About this exercise:
Leave the pictures out. Retype exactly the lines below from the one containing "Black and white" through the one containing "3 habitaciones con", and no others.

Given data:
/---

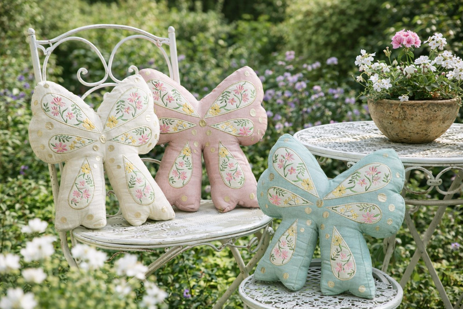Cuscino colore panna sagomato a forma di fiocco in 100% cotone rosa cipria, impreziosito da raffinati ricami floreali e delicati pois ricamati tono su tono.
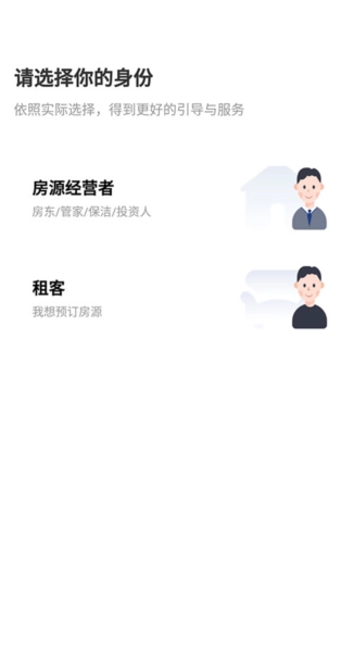 注册/登录App后,选择身份为【房源经营者】。
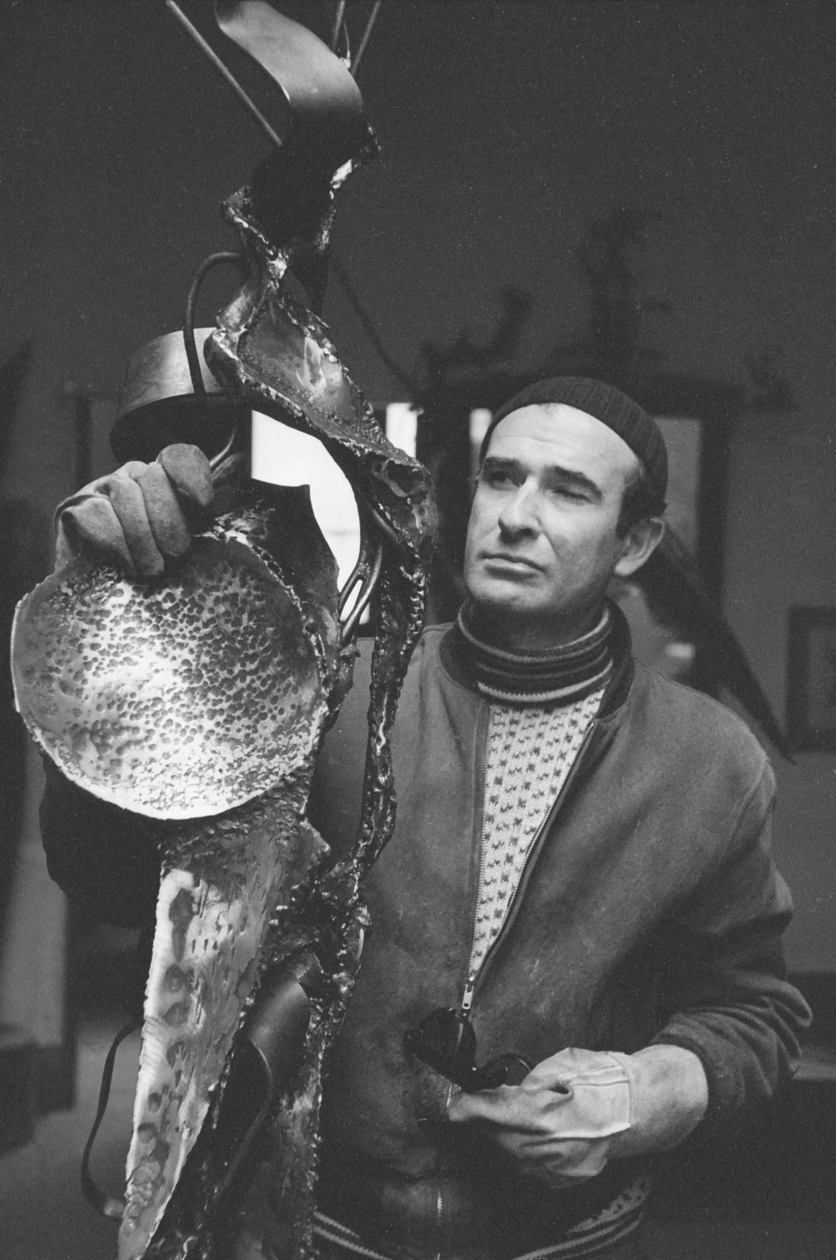 Black and white photograph of a man in a knit cap and turtleneck sweater holding a large, heavily textured metal sculpture with a broad concave bowl form
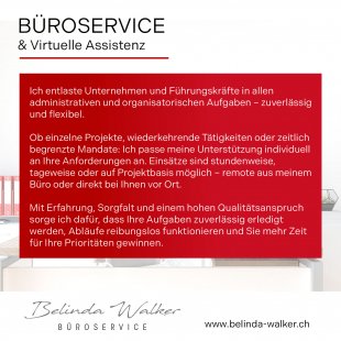 Mein Service ist darauf ausgerichtet, den Büroalltag zu erleichtern und die Bedürfnisse effizient und unkompliziert abzudecken.
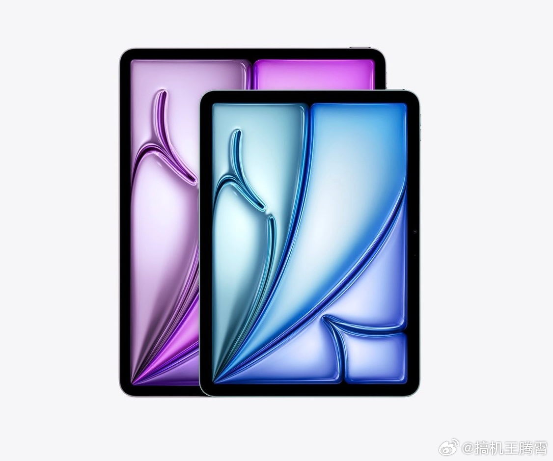 【M4芯片款iPadAir发布】除iPhone17e外还有个新板子,搭载M4处理器(8核CPU + 9核GPU),11英寸、13英寸两个版本,1200万前置 + 1200万后置双摄,11英寸版重462g、13英寸版重616g,提供蓝、紫、深空灰、星光色4个色,支持WiFi 7、蓝牙6.0,升级到12GB运存,依旧60Hz刷新率,4799元起售,买不买
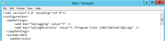 SQLLogDirectory — This is the path where the logs are stored. If there is no value, the system does not save any SQL logs. In the screenshot above, "C:\Program Files (x86)\Deltek\SQLLogs" />" is an example.
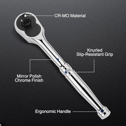 - Ergonomic Handle: Equipped with an ergonomic handle design that helps reduce hand fatigue and slippage with long-time work. And the knurled handle ensures you'll be able to keep a tight grip on this ratchet during use
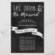 This modern and cute wedding invitation suite features a chalkboard look with "Eat, Drink, & Be Married" in handwritten text.
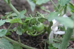 5日間旅に出ていた間に 畑の様子は様変わり 野菜たち みんな大きく成長していました我がハタケの夏野菜目玉商品 ミニトマト「アイコ」特徴ある実がついてくれていました 実があるのは 今のところ この房だけど 別に花が咲いている房もあります他の大玉 ミニにも順調に実がキュウリ 大きくなってきました 一番キュウリは おいしくないとか だけどなかなか取り去る勇気がありませんな 坊ちゃんカボチャ トウモロコシ 昨日の強風でかなり傾き 支柱で補強しました 午後にはタマネギ2種類 収穫するつもりです
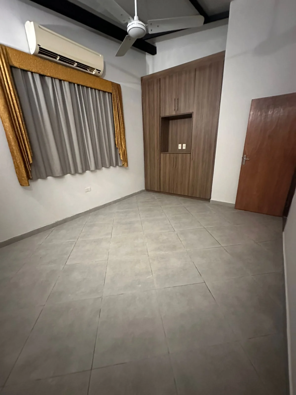 3 habitaciones con aire acondicionado, ventilador de techo y roperos.
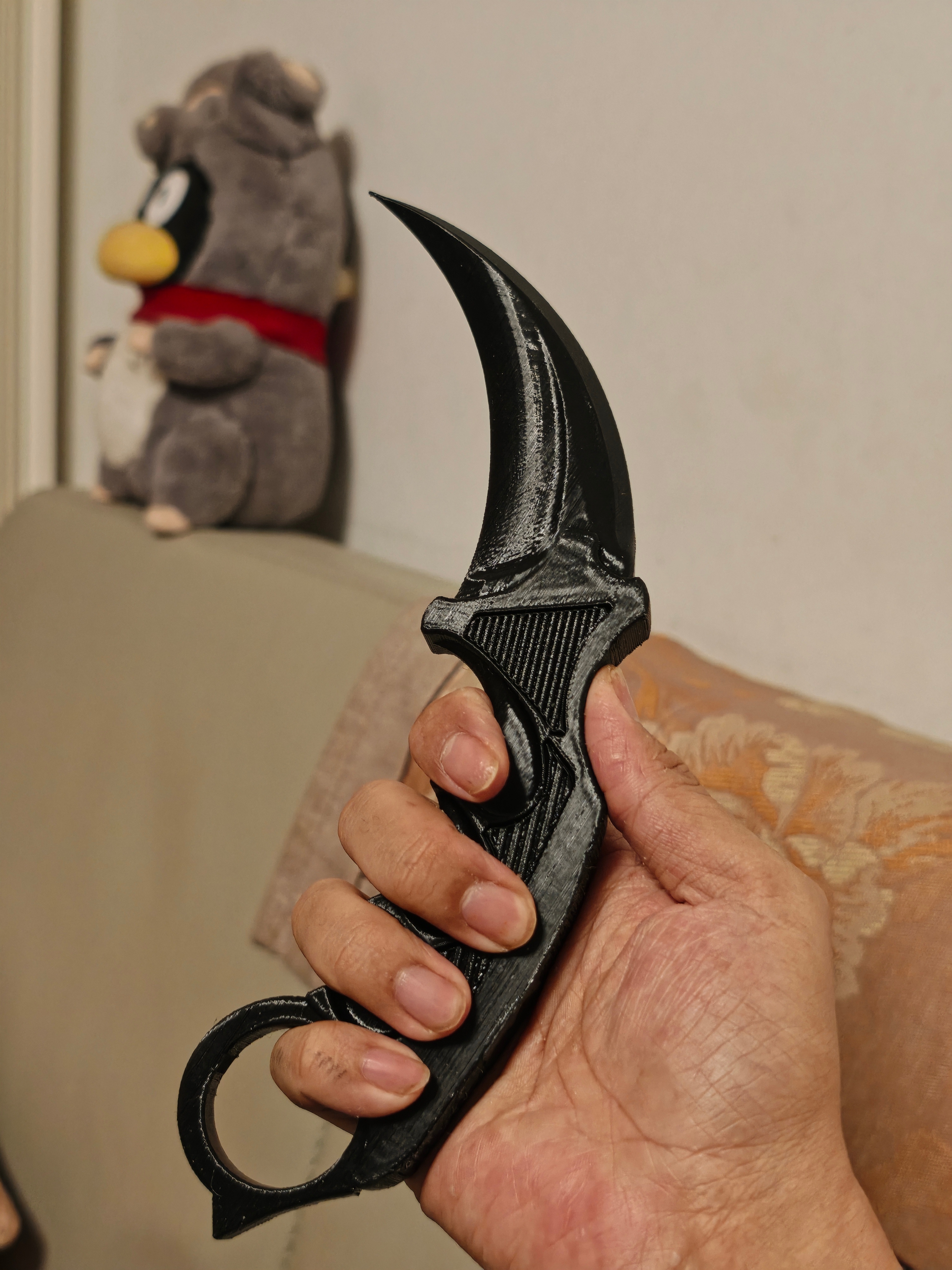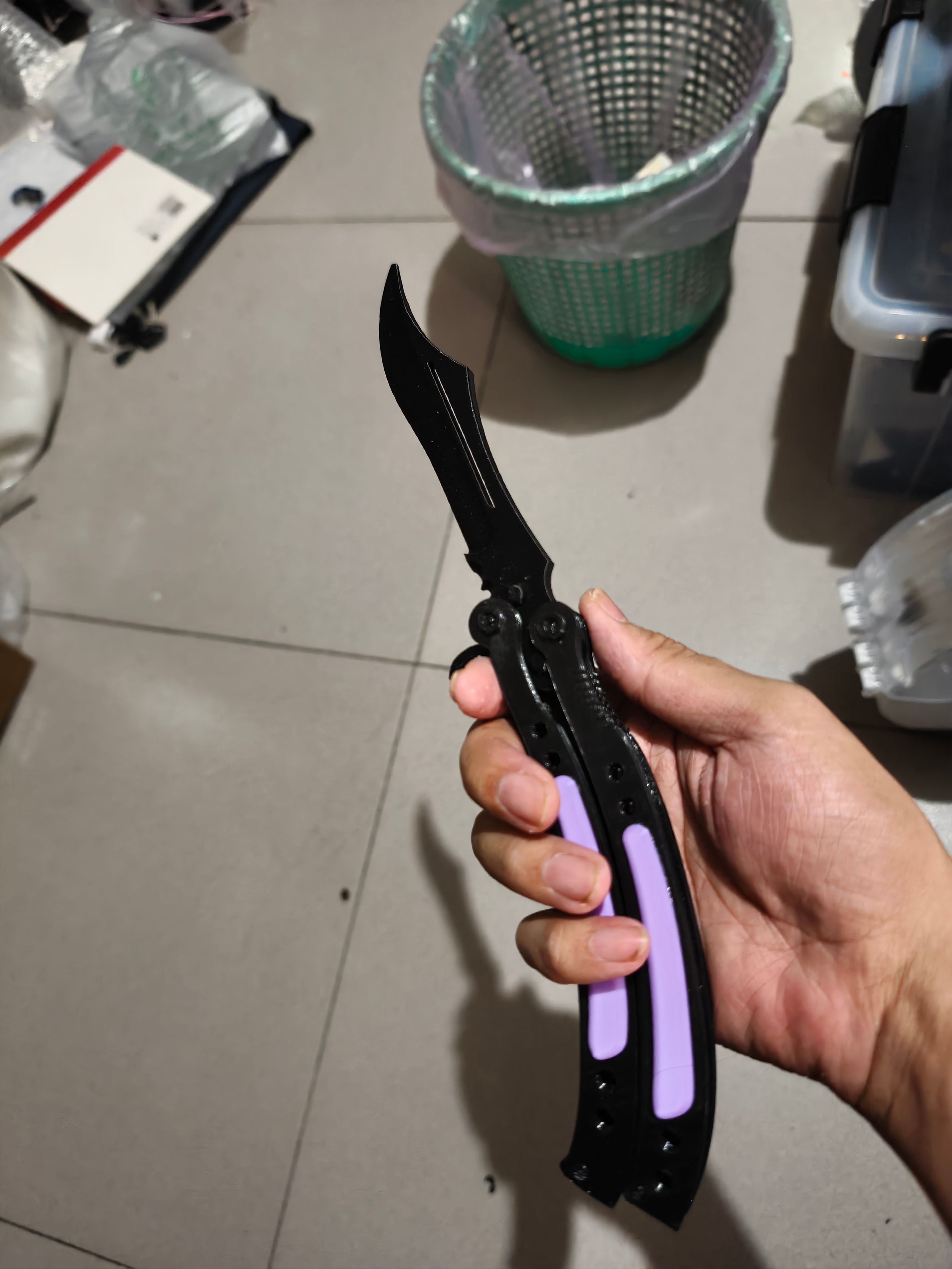 帮观众代工的cs go武器。都是3d打印。蝴蝶刀,匕首,爪刀成本都是几块钱,比较安全,不怕伤到自己。ak成本大几十块,发射皮筋的,支持连发,可换弹夹。威力就比较低了,还没有手发射橡皮筋的力气大。我们小时候要是有这些,那不得馋哭一个小区的小孩们~
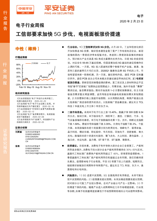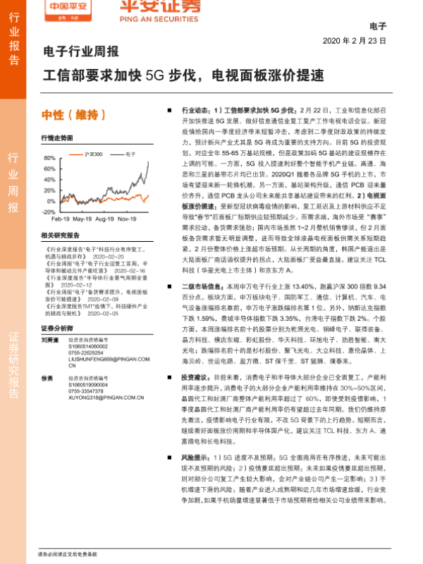 【平安证券】【20200223】电子行业周报:工信部要求加快5G步伐,电视面板涨价提速-5页
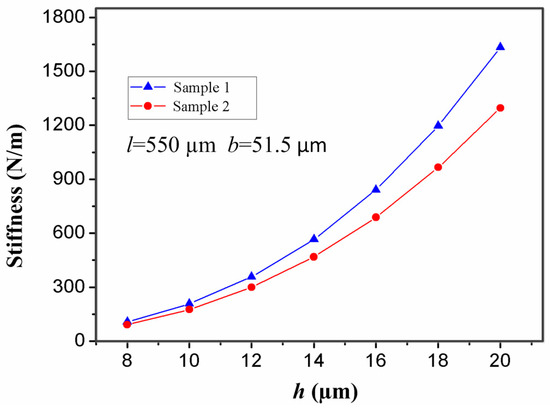 In addition, the thickness of the stationary electrode has also a great impact on the contact time. For the inertial microswitch, decreasing the thickness of the stationary electrode is a key method to extend contact duration. In order to study the impact of the thickness (h) of the stationary electrode on the contact time, the width (b) and length (l) of the stationary electrode in samples 1 and 2 are invariant and set as 51.5 µm and 550 µm, respectively. The stiffness of the two designs of elastic cross cantilever beams was simulated by ANSYS software [23]. The simulated stiffness of the stationary electrode k = can be obtained according to Hooke’s law. Figure 7 shows that the stiffness of the stationary electrode increases with the thickness, and the stiffness in sample 1 is larger than the one in sample 2 for the same thickness. When samples 1 and 2 are shocked by the same acceleration 288 g, the contact time of the inertial microswitch as a function of the thickness (h) is shown in Figure 8. The simulated results indicate that the contact time decreases with the increase of the thickness (h). That is to say, the contact time of the inertial micro-switch device decreases with the increase of the stiffness of the stationary electrode. It can be seen from the plot in Figure 8 that the contact time in sample 2 is larger than the one in sample 1 since the stiffness of the stationary electrode in sample 2 is smaller compared to the one in sample 1. It is evident that the contact time can be controlled by changing the thickness of the stationary electrode.

\---

Result of this exercise:
 Black and white photograph of a man in a knit cap and turtleneck sweater holding a large, heavily textured metal sculpture with a broad concave bowl form
 Mein Service ist darauf ausgerichtet, den Büroalltag zu erleichtern und die Bedürfnisse effizient und unkompliziert abzudecken.
 【M4芯片款iPadAir发布】除iPhone17e外还有个新板子,搭载M4处理器(8核CPU + 9核GPU),11英寸、13英寸两个版本,1200万前置 + 1200万后置双摄,11英寸版重462g、13英寸版重616g,提供蓝、紫、深空灰、星光色4个色,支持WiFi 7、蓝牙6.0,升级到12GB运存,依旧60Hz刷新率,4799元起售,买不买
 SQLLogDirectory — This is the path where the logs are stored. If there is no value, the system does not save any SQL logs. In the screenshot above, "C:\Program Files (x86)\Deltek\SQLLogs" />" is an example.
 - Ergonomic Handle: Equipped with an ergonomic handle design that helps reduce hand fatigue and slippage with long-time work. And the knurled handle ensures you'll be able to keep a tight grip on this ratchet during use
 This modern and cute wedding invitation suite features a chalkboard look with "Eat, Drink, & Be Married" in handwritten text.
 5日間旅に出ていた間に 畑の様子は様変わり 野菜たち みんな大きく成長していました我がハタケの夏野菜目玉商品 ミニトマト「アイコ」特徴ある実がついてくれていました 実があるのは 今のところ この房だけど 別に花が咲いている房もあります他の大玉 ミニにも順調に実がキュウリ 大きくなってきました 一番キュウリは おいしくないとか だけどなかなか取り去る勇気がありませんな 坊ちゃんカボチャ トウモロコシ 昨日の強風でかなり傾き 支柱で補強しました 午後にはタマネギ2種類 収穫するつもりです
 3 habitaciones con aire acondicionado, ventilador de techo y roperos.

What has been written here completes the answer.